Pullola from Nokia made the point that, whatever the balance of centralised and decentralised functions, it is vital that you recruit the right type of people. Treasurers need to think critically about the challenges of having a distributed team - how can they work together as part of one team. “Go out there and work with the business,” he summarised, “but watch out when they see how much value you could add!” 

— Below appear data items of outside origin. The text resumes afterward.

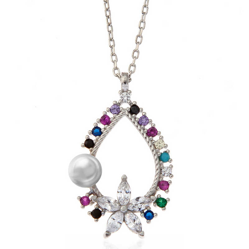 Silver-Colored Stoned Flower Women's Necklace The most special and elegant way to express your feelings to your loved ones is with stylish, colorful and fragrant flowers that you can send her. Flowers, which are among the gifts to be given on special occasions, have been designed with a different interpretation this time ... This stylish silver-colored stoned flower necklace is a perfect option for a birthday gift, Valentine's Day gift or as a gift for mothers on special occasions. Silver-colored stoned flower women's necklace is made of 925 sterling silver. This necklace is rhodium plated. Rhodium-plated silver women's necklace models preserve their shine for a long time. The stones on it are zircon. As with all our silver women's necklace models, the silver-colored stoned flower women's necklace model is also handmade. Due to silver and precious stones, there may be ± 10% deviation in the average product weight. Width: 1.40 cm Length: 2.40 cm Avg. Weight: 2.90 gr. Chain Length: 45 cm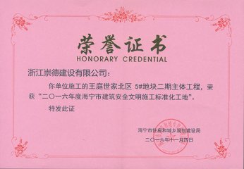 王庭世家2016年度標(biāo)準(zhǔn)化工地榮譽(yù)證書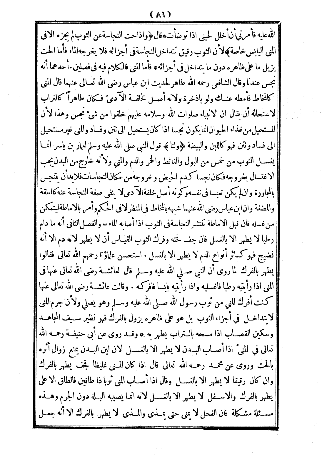 قَالَ (وَإِذَا حَتَّ النَّجَاسَةَ عَنْ الثَّوْبِ لَمْ يُجْزِهِ إلَّا فِي الْمَنِيِّ الْيَابِسِ خَاصَّةً)؛ لِأَنَّ الثَّوْبَ رَقِيقٌ تَتَدَاخَلُ النَّجَاسَةُ فِي أَجْزَائِهِ فَلَا يُخْرِجُهُ إلَّا الْمَاءُ فَأَمَّا الْحَتُّ يُزِيلُ مَا عَلَى ظَاهِرِهِ دُونَ مَا يَتَدَاخَلُ فِي أَجْزَائِهِ فَأَمَّا الْمَنِيُّ فَالْكَلَامُ فِيهِ فِي فَصْلَيْنِ. أَحَدُهُمَا أَنَّهُ نَجِسٌ عِنْدَنَا، وَقَالَ الشَّافِعِيُّ - رَحِمَهُ اللَّهُ - طَاهِرٌ لِحَدِيثِ ابْنِ عَبَّاسٍ - رَضِيَ اللَّهُ تَعَالَى عَنْهُمَا - قَالَ الْمَنِيُّ كَالْمُخَاطِ فَأَمِطْهُ عَنْكَ، وَلَوْ بِإِذْخِرَةٍ، وَلِأَنَّهُ أَصْلٌ لِخِلْقَةِ الْآدَمِيِّ فَكَانَ طَاهِرًا كَالتُّرَابِ لِاسْتِحَالَةِ أَنْ يُقَالَ: إنَّ الْأَنْبِيَاءَ - صَلَوَاتُ اللَّهِ وَسَلَامُهُ عَلَيْهِمْ - خُلِقُوا مِنْ شَيْءٍ نَجِسٍ، وَهَذَا؛ لِأَنَّ الْمُسْتَحِيلَ مِنْ غِذَاءِ الْحَيَوَانِ إنَّمَا يَكُونُ نَجِسًا إذَا كَانَ يَسْتَحِيلُ إلَى نَتِنٍ، وَفَسَادٍ، وَالْمَنِيُّ غَيْرُ مُسْتَحِيلٍ إلَى فَسَادٍ، وَنَتِنٍ فَهُوَ كَاللَّبَنِ، وَالْبَيْضَةِ.

How Treasury Can Underpin the Business 


Finally for this review of the EuroFinance conference in Barcelona, a discussion based on the results of the company’s Business Unit Survey put the boot on the other foot and showed what business units think of treasury. Martin Giles, managing director and EVP of The Economist Group North America, moderated the extended results conversation between Scott Hogate, assistant treasurer at Advanced Medical Optics, Annette Owen, global cash and banking manager for British American Tobacco, Paul Jonckheere, treasury project coordinator with Carrefour, François Masquelier, SVP head of treasury and corporate finance at RTL Group and, last but by no means least, Hans van den Bosch, head of treasury operations for Unilever. 


A summary of the survey results showed that treasury is not thought of as being in an ivory tower and that it is actually getting better at communicating with business units. The respondents also agreed that treasury adds value but, before anyone’s ego gets too carried away, business units also suggested that treasury may not be doing enough to mitigate financial risk. Finally, the omnipresent credit crisis may elevate the role of treasury, again. 


When delegates in the auditorium were asked if they formally benchmark business unit satisfaction with treasury services by conducting regular customer surveys, over three-quarters (76%) said they did not. This is something that could be of benefit for treasury to do, as a way of aligning treasury targets with the strategic goals of the business for the overall benefit of the company. Unilever’s van den Bosch provided an example of a centralisation programme between treasury and business in his company that had featured: 

  • Streamlined banking relationships. 
  • Streamlined IT infrastructure. 
  • Treasury centres established. 

Implemented under the catchy working title ‘One Unilever’, the new structure is working well, but also provided an example of the friction that can be created as a change is made to the organisation structure of treasury - in this case a change towards centralisation. Change will never please everyone, so to make the journey as positive as possible it is important to make clear to every unit involved: 

  • The goals of any change. 
  • How you will achieve these goals. 
  • What the overall benefits to the company will be. 

In organisational structure, as in the global credit crisis, transparency is key to a successful future. 

*These characters are entirely fictional, and any similarities to individuals past or present are completely coincidental.